_Exercise goal_
Start at the first line below and write out everything verbatim except the pictures.
##### Data segment #####
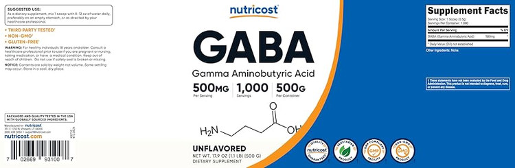 Nutricost Pure GABA 500G Powder (Gamma Aminobutyric Acid) (500 Grams / 1.1 pounds)
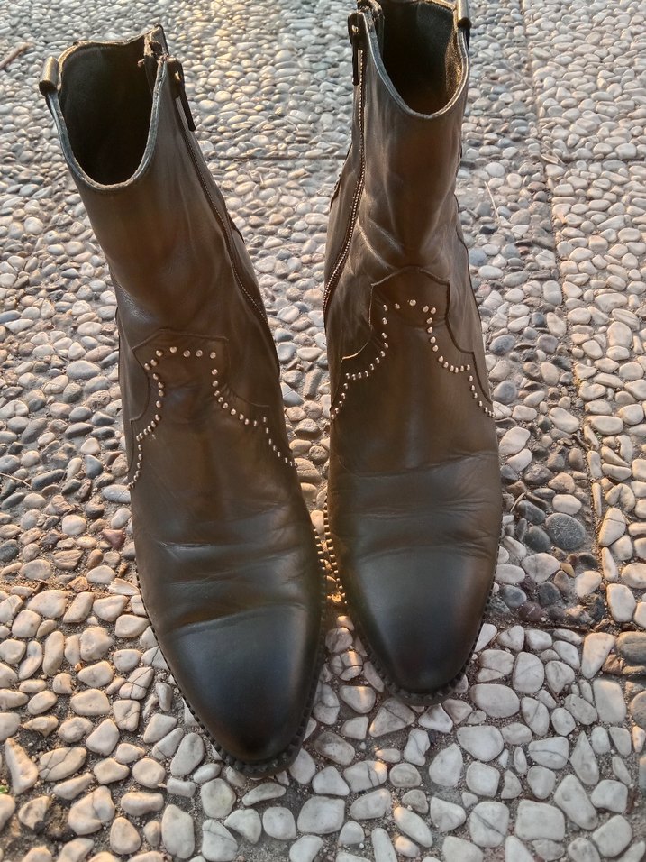 Siyah deri kadın bot, detaylıdır. Rock punk tarzıyla günlük kullanıma uygundur, desenli ve şık.
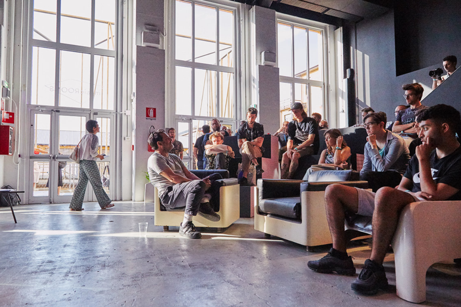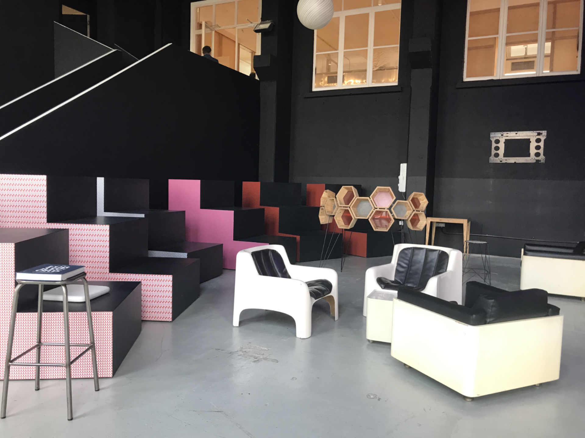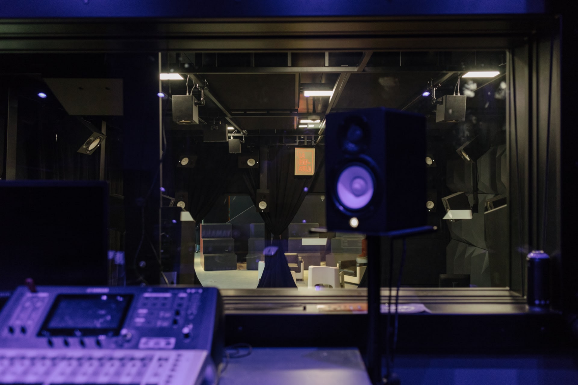MIH offre diversi spazi, come La Capsula, arredata con le più recenti attrezzature per la musica tecnologica. L’anfiteatro, uno spazio aperto con gradinate modulari riposizionabili per ospitare talk, incontri informali e presentazioni, ma anche concerti e momenti di networking. Realizzazione decorazioni grafiche per gradoni, composti da pattern con le lettere e colori del logo M-I-H che donano personalità e colore allo spazio.
#####
_Reply_
 Nutricost Pure GABA 500G Powder (Gamma Aminobutyric Acid) (500 Grams / 1.1 pounds)
 Siyah deri kadın bot, detaylıdır. Rock punk tarzıyla günlük kullanıma uygundur, desenli ve şık.
MIH offre diversi spazi, come La Capsula, arredata con le più recenti attrezzature per la musica tecnologica. L’anfiteatro, uno spazio aperto con gradinate modulari riposizionabili per ospitare talk, incontri informali e presentazioni, ma anche concerti e momenti di networking. Realizzazione decorazioni grafiche per gradoni, composti da pattern con le lettere e colori del logo M-I-H che donano personalità e colore allo spazio.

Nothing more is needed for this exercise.